A prospective, randomised, open label study to compare efficacy and safety of hydroxychloroquine and teneligliptin in patients of type 2 diabetes mellitus refractory to concomitant metformin and glimepiride

Abstract

Background: Diabetes mellitus is chronic, metabolic disease characterized by hyperglycemia, which over time causes both microvascular and macrovascular complications. If HbA1c target is not achieved with dual therapy then 3rd drug is added. Aims of present study were to compare efficacy and safety of Hydroxychloroquine (HCQ) and Teneligliptin in patients of T2DM who are refractory to concomitant Metformin and Glimepiride. Methods: It was interventional, randomized, prospective, parallel and open-label study. Patients were randomly divided into 2 groups either HCQ 400mg OD or Teneligliptin 20mg OD were added to their current treatment using Metformin 1gm BD and Glimepiride 4 mg OD as 3rd drug. Follow up was done every 15 days for 12 weeks and underwent assessment of glycaemic parameters (FBS, PPG, HbA1c), LFT, RFT, CBC, ADRs and VAS in addition to anthropometric parameters. Results: After 12 weeks of treatment, HCQ group showed statistically (p<0.05) better improvement in BMI than Teneligliptin group. Both groups showed comparable improvement (p>0.05) from baseline in FBS, HbA1c, PPG and VAS score. In HCQ group there was significant number (p<0.05) of patients who achieved target glycaemic control (HbA1c ≤7.5%) i.e., 56.6%, compared to 37% with Teneligliptin group.
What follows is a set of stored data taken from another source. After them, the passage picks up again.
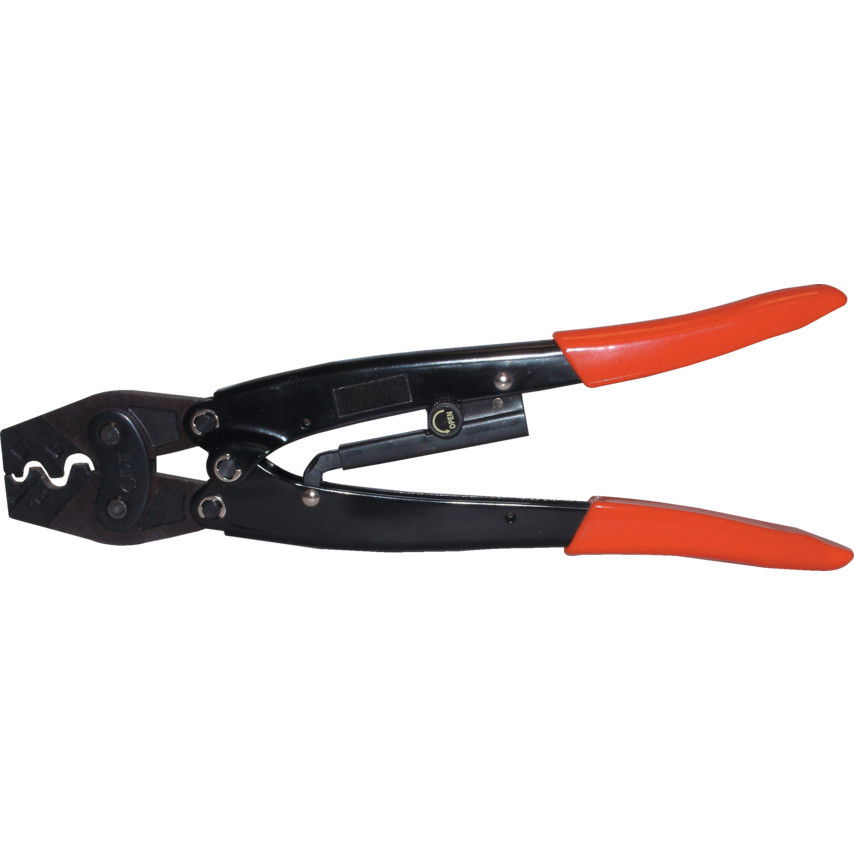 - Saruzó fogó reteszelt préskerettel és állítható présnyomással szigeteletlen kábelsarukhoz.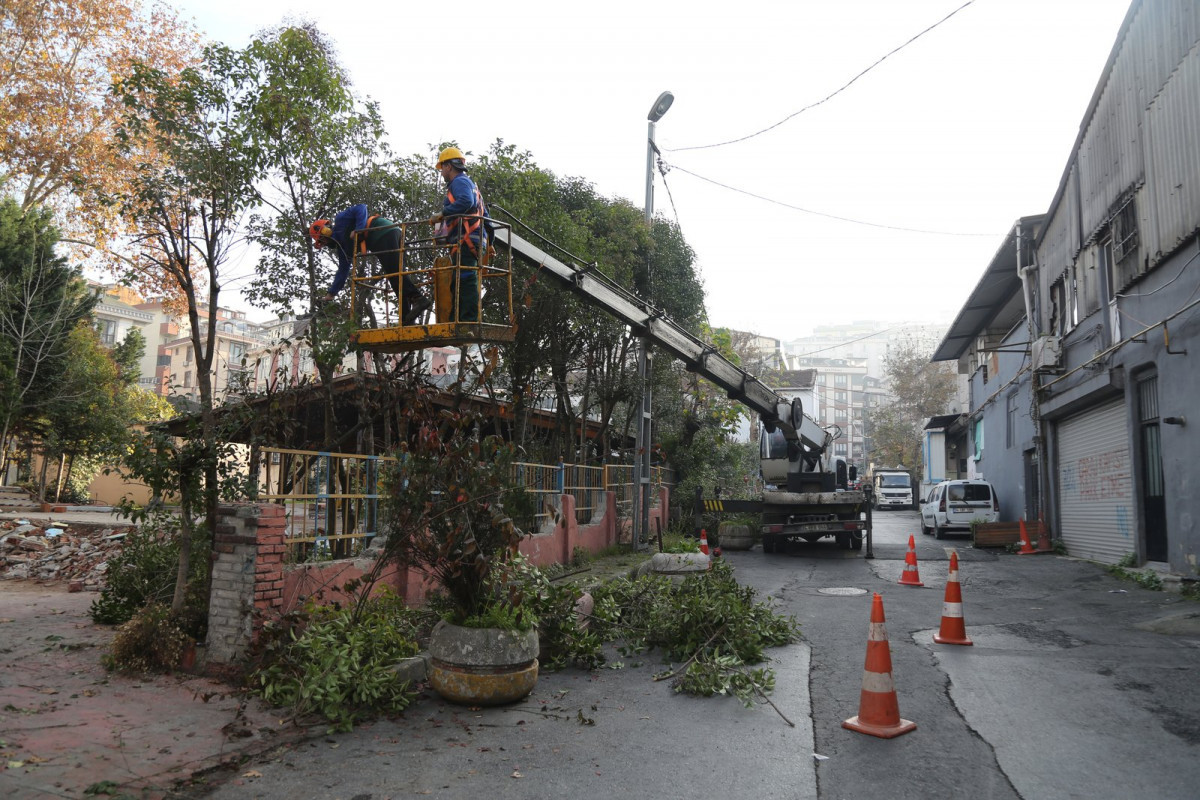 Eyüpsultan Belediyesi'nin uzman ekipleri tarafından güvenlik tedbirleri alınarak gerçekleştirilen budama işlemlerinde ağaçların kuruyan üst dallarını ulaşmak için ise vinçler kullanılıyor.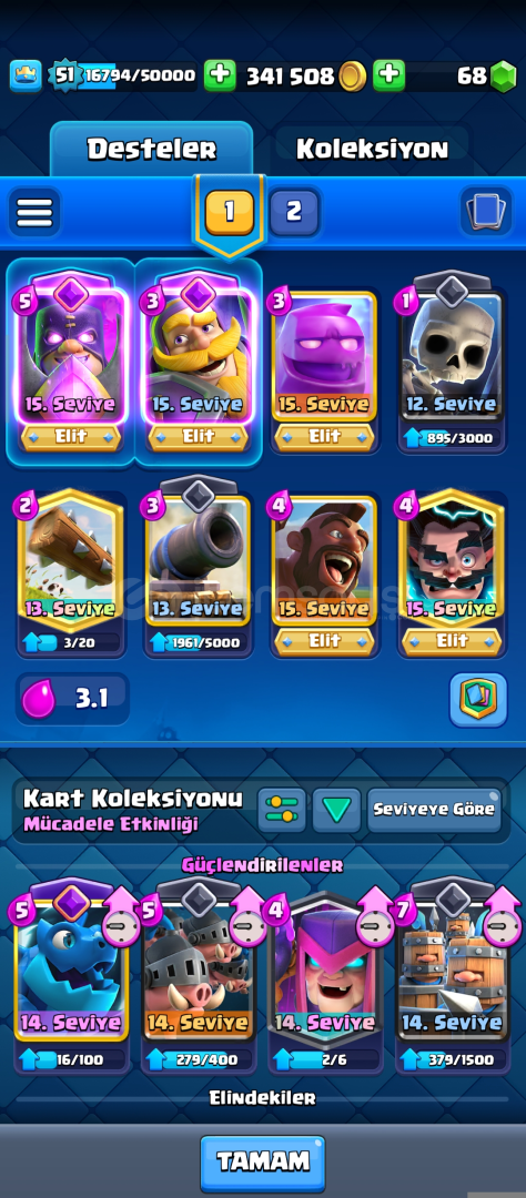 Hesap 11.000 kupa üstüdür 7 tane evrimi vardır. 5 tane elit kartı vardır hesap 8 senelik içerisinde 300k + alt...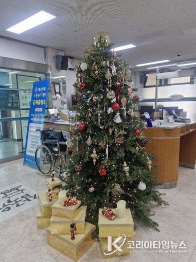 코리아타임뉴스 노승선 기자 | 군위군은 연말을 맞아 군민들에게 희망과 행복을 전달하기 위해 크리스마스트리를 민원실에 설치하고 12월31일까지 운영한다. 이번 크리스마스트리 장식은 민원봉사과 전 직원이 참여하여 민원실을 새롭게 단장해 방문객들에게 특별한 경험을 선사하고 있다.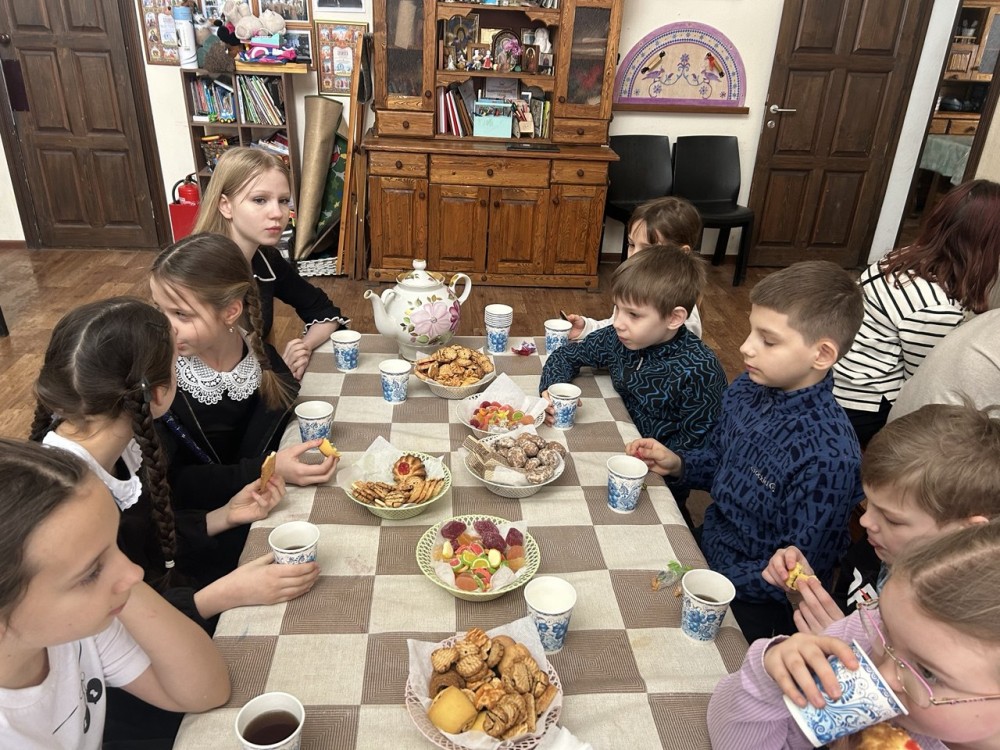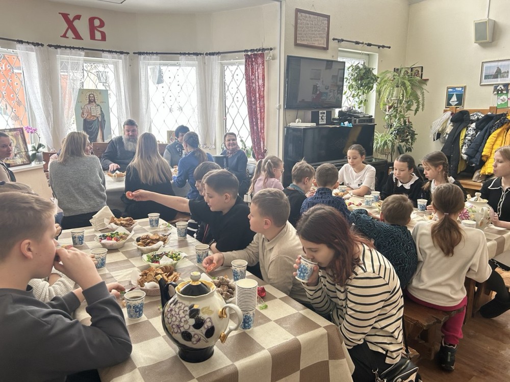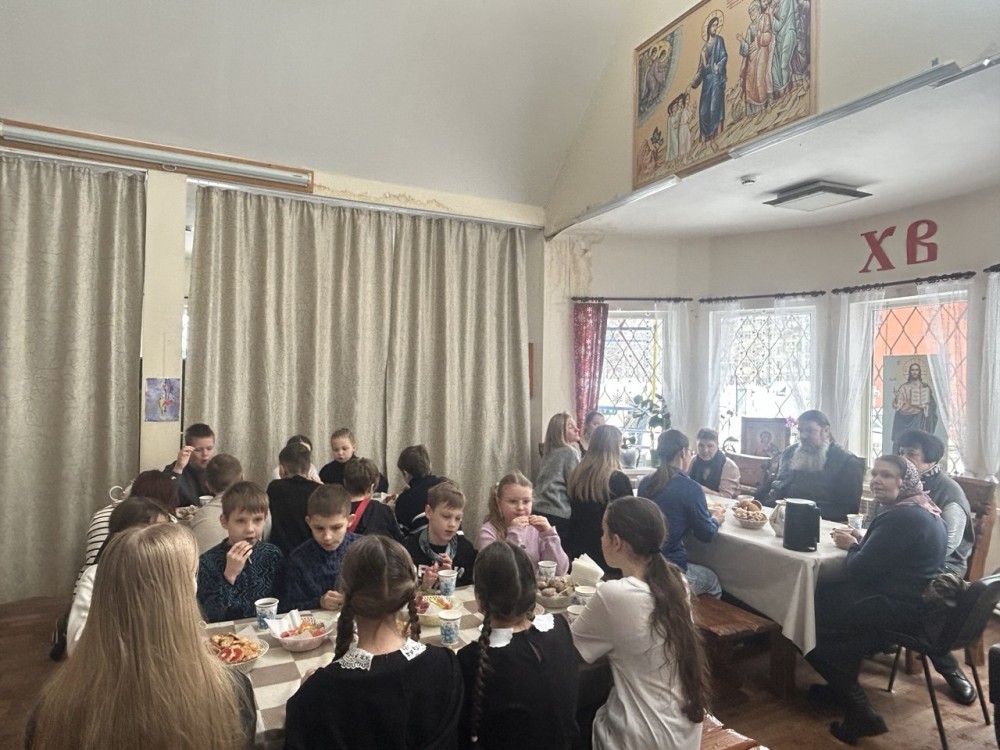Продолжилась встреча в Воскресной школе за чаем. Дети и взрослые во время беседы задавали вопросы настоятелю. Встреча получилась очень тёплой и запоминающейся.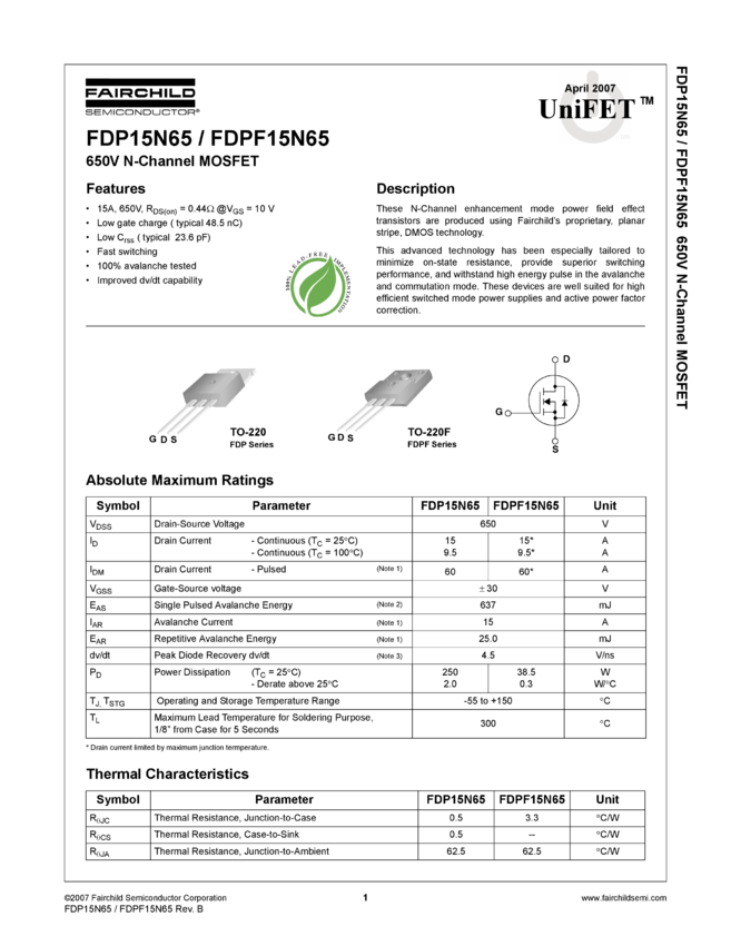 N-Channel UniFET<sup>TM</sup> MOSFET 650V, 15A, 440 mΩ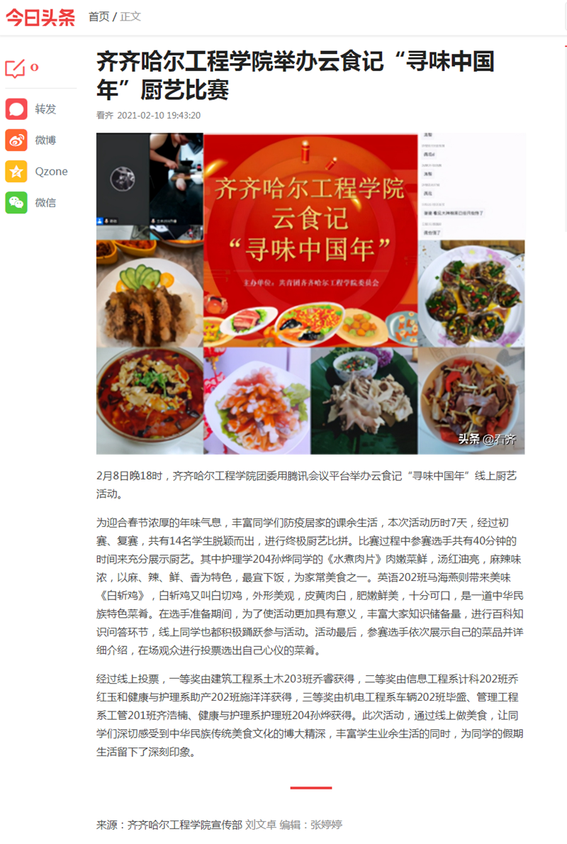 今日头条:永利23411集团官网举办云食记“寻味中国年”厨艺比赛

Both groups had comparable (p>0.05) safety profile with no serious adverse effects and no significant change (p>0.05) in hepatic, renal and complete blood profiles. Conclusions: On the basis of effects of HCQ on the glycaemic parameters and BMI, HCQ may be preferred over Teneligliptin in patients of T2DM who are refractory to concomitant Metformin and Glimepiride.